SportsPulse: While Golden State Warriors coach Steve Kerr feels Steph Curry won’t be ready for the start of the NBA playoffs, the perennial All-Star is ready to prove him wrong.
USA TODAY Sports
Kevin Durant doesn’t mind making predictions.
Take the MVP debate, for example.
“James Harden,” the Golden State Warriors star told USA TODAY Sports recently when asked to make his pick.
Is it close?
Not even with LeBron James making the kind of late push that has forced voters to take a closer look?
“I mean (LeBron) is definitely playing great ball, but I just think that James has had a way better year,” he adds.
But turn the topic to his injured Warriors, to the question of whether or not they’ll be able to defend the title and keep their would-be dynasty afloat, and the prognosticating comes to an end.
“I can’t predict that – I wish I could,” said Durant, who has averaged 26.3 points, 6.8 rebounds, 5.4 assists and 1.9 blocks during his own MVP-caliber campaign. “But I feel good about where we are. I feel good that we had to go through some stuff, to figure some stuff out.”
To say the least.
When two-time MVP Stephen Curry suffered a Grade 2 MCL sprain on March 23, it put Durant front and center. After everything that happened these past few months – the Warriors (56-21) sliding into second behind the Houston Rockets (62-15) in the West while all four of their All-Stars suffered ailments of one kind or another – Curry’s injury was the one that mattered most.
It put pressure on Durant to lead like he did in December, when the Warriors went 9-2 without Curry after he sprained his right ankle. Only this time, the prospect of Durant having to lead the way during playoff games suddenly looms large.
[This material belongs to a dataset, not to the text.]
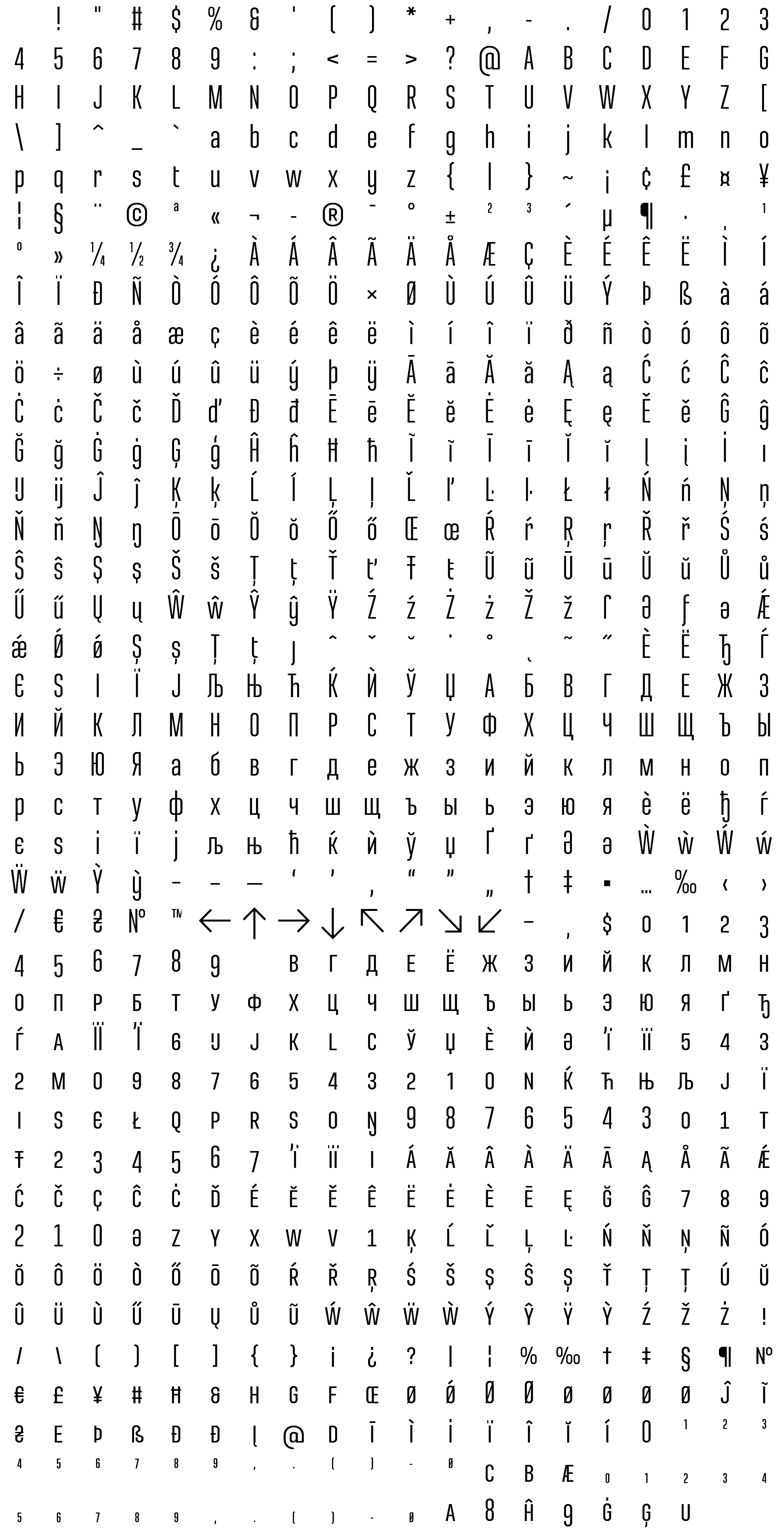 Due to the nature of thumbs' generation process, some of the glyphs in the glyph map may appear cropped.

And the Warriors, who have lost seven of their last 12 games while playing without Curry, Durant, Klay Thompson and Draymond Green for various stretches, may be in for a first round fight.
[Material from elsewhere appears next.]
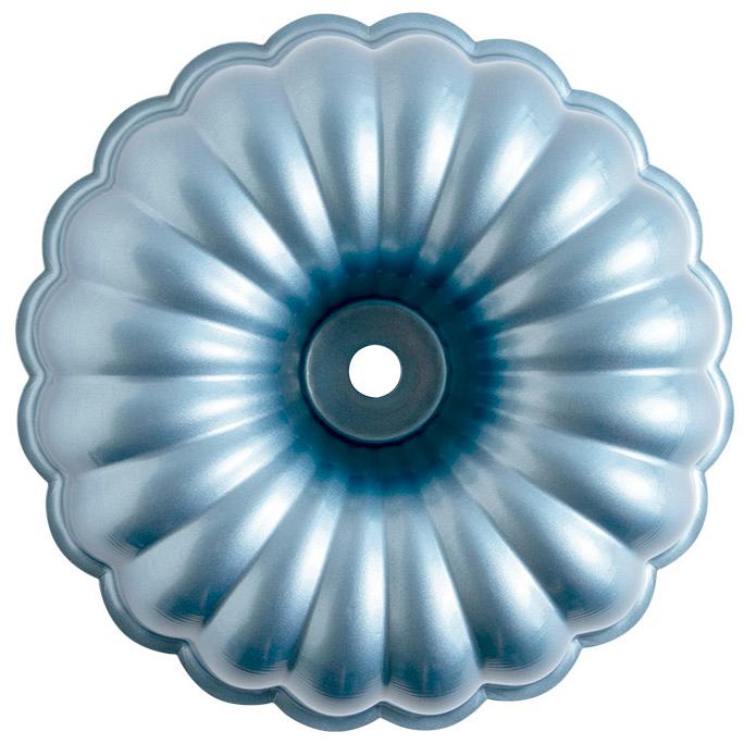 Featuring beautifully scalloped sides, balanced symmetry, and a fluted central tube, the Elegant Party Bundt pan, finished in Twilight Blue, allows heat to flow through the middle of the batter, ensuring even baking—even for dense cakes. Crafted from lightweight formed aluminum, it offers easy handling for bakers of all experience levels. The smooth silver nonstick interior ensures cakes release cleanly with minimal effort and quick cleanup. With a 12-cup capacity, this Bundt pan delivers professional results and a stunning presentation for birthdays, holidays, or special occasions. Oven safe up to 400°F, hand washing is recommended to preserve the finish.

“If Steph comes back, obviously we’ll all be excited and we’ll be a better team,” Durant said. “But if he doesn’t, I can’t hang my head about that. I’ve got to go out there and play as hard as I can. Klay has to go out and play as hard as he can. Draymond, everybody down the line.
“Everybody has to be on point, because it’s a team game. We all move as one. If two or three guys aren’t focused on the play, you’re still going to lose. It doesn’t matter. That’s what I learned (through) winning a championship. If we get there, that’s what we’re going to have to do and that’s why it’s so hard.”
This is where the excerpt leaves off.